Gali Prag
Affiliations
Tel Aviv University
Biography
Gali Prag, who is focusing on the interpretation mechanism of the ubiquitin signal, graduated and earned his PhD from the Hebrew University. With his supervisor Prof. Oppenheim Gali studied bacterial genetics and obtained two EMBO fellowships to determine the structures of several chitin degrading enzymes in complex with their native substrates. Gali completed his postdoctoral studies at the NIH with Dr. James Hurley, where he determined the first structures of ubiquitin-receptor complexes with ubiquitin and some of the ESCRT complexes. In 2008 he returned to Israel and established a structural-biology and bacterial genetic laboratory in TAU.
Abstract
Structural insight into mechanisms for deciphering ubiquitin signals
Gali Prag, Department of Biochemistry and Molecular Biology, Tel Aviv University, Israel
About 100 deubiquitylating enzymes (DUBs) rapidly reverse ubiquitylation signals, posing challenges to genetic biochemical and biophysical monitoring and characterization of post ubiquitylation events. We circumvented this limitation with a synthetic biology approach of reconstructing the entire eukaryotic ubiquitylation apparatus in E. coli strains that lack DUBs. We demonstrated that tethering split antibiotic resistance gene fragments onto ubiquitin and ubiquitylation substrates gives rise to bacterial growth under selective conditions.

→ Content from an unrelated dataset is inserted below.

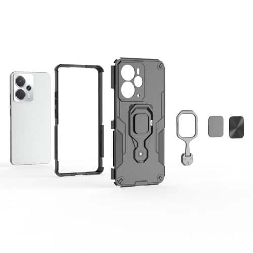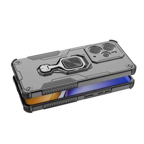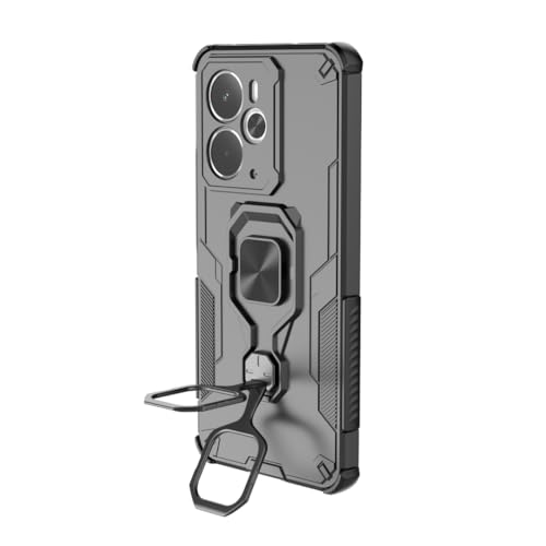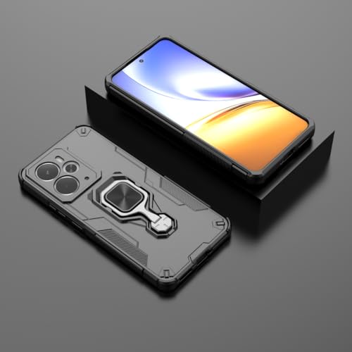 Generic - جراب حماية ارمور فائق المتانة بحماية قوية مع حامل حلقي مغناطيسي ومسند قابل للطي لموبايل ريلمي 14 شبكة الجيل الخامس 5G، أسود

Using this selection system we identified and characterized novel E3s, and ubiquitin-receptors, proteins that decode the ubiquitin signal into cellular responses. Tethering two different affinity-tags, one onto ubiquitin and the other onto the ubiquitylation substrates, provided a simple purification scheme that yielded milligram quantities of ubiquitylated proteins. Using this system we demonstrated that contrary to in-vitro assays that lead to spurious modification of several lysine residues of the proteasomal ubiquitin-receptor Rpn10, the reconstituted system faithfully recapitulates its monoubiquitylation on Lys-84 that is observed in-vivo. We determined the crystal structure of ubiquitylated-Rpn10. The structure elucidated a novel ubiquitin-binding domain (UBD) within Rpn10. Biophysical measurements and studies with the developed bacterial genetic system corroborated the structural data.

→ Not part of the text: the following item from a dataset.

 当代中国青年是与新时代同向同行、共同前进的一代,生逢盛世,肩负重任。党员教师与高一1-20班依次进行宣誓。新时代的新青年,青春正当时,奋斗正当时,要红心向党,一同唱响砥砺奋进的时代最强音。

We found that one function of this novel UBD is to direct the ubiquitylation to Lys-84. Intriguingly, we showed that ubiquitylation at Lys84 ejects the Rpn10 receptor from the proteasome. We propose that Rpn10 functions as a soluble ubiquitin-receptor that brings ubiquitylated-cargo to degradation in the proteasome. Following cargo release and degradation, Rpn10 undergoes ubiquitylation on the proteasome; this process ejects the receptor from the proteasome, thus promoting the next cycle of Rpn10 dependent proteasomal protein degradation.